The previous CEO, Michael Mendes, confirmed the company's cash-related public statement irrespective of the fact that they were financially prolonged. As the head of the project, he must have known about the false valuing by Walnut. From the misapprehension, much evidence was gathered against Mendes and the company; thus the company complied to repay 125,000 dollars as a penalty for resolving the case. Furthermore, reinforcements renounced the rewards valued more than 4 million dollars (Biegelman, 2013).

While performing its reviews, Diamond Foods ignored the underlying articulations of the GAAS, "Area 10(b) of the trade demonstration governs and segment 17(a) 1, 2 and 3."

Diamond Foods by implication or directly used the methods and instrumentalities for regional messages/trade in the offer or buy of securities. These instrumentalities were used in the following ways: First, employed duplicities, gadgets or tactics to fraud. Second, recorded false material declarations and facts, or ignored materials truths that are vital in putting forth expressions as per the statements under which they were prepared. Lastly, involved in business acts or doings that functioned as the extortion upon other persons, including the purchasers and sellers of securities.Thus, Diamond Foods broke "the area 10(b) and 17(a) of the Act," and unless limited or urged it shall proceed to trespass upon this law. Besides, the company also broke, "the 13(b)(2)(a) of the Exchange Act" that requires the ones responsible for securities protection to be registered and keep books and records. The records must be practical, refined elements, which reflect sensible and exact exchanges of plans resources characteristic (Biegelman, 2013).
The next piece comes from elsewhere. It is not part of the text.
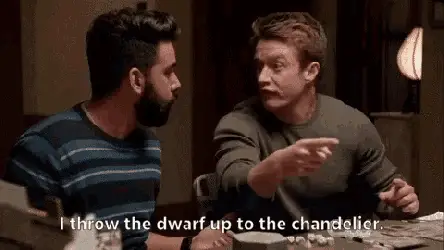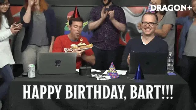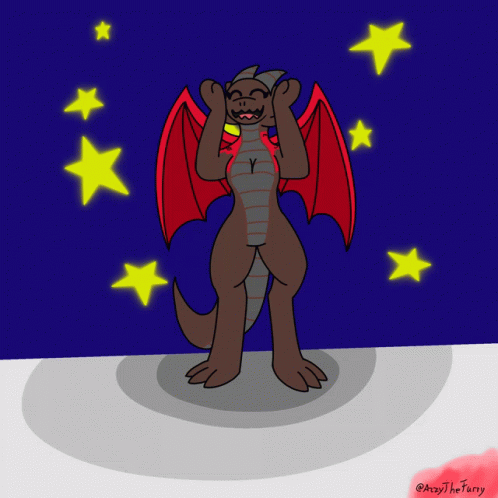 Animated Azasel, a D&D kobold character, dancing with red wings and a starry blue background.

Furthermore, the company ignored to devise and keep reliable frameworks for internal regulation of the records as stated in "area 13(b (2) (b) of the Exchange Act." Unless the company is charged and controlled, it will continue damaging these procurements.

The obligation lied on only a few parties, and this was because a large number of people were arrested. Since financial statements acts as a base for all financial information that appears in the organization's annual report, it thus becomes the responsibility of the management. Similarly, before their release, these financial statements need to have been reviewed and approved by the Board of Directors of the company. The role of the BOD is to ensure that the management attains its financial reporting duties.

The management is also responsible for preparing their financial statements according to (IFRS) International Financial Reporting Standards. Requirements of IFRS is that the administration has made particular assumptions and estimates, which are revealed in the financial statements and notes. It is the belief of the administration that the financial statements are a fair representation of the financial position, cash flows, and the outcomes of operations.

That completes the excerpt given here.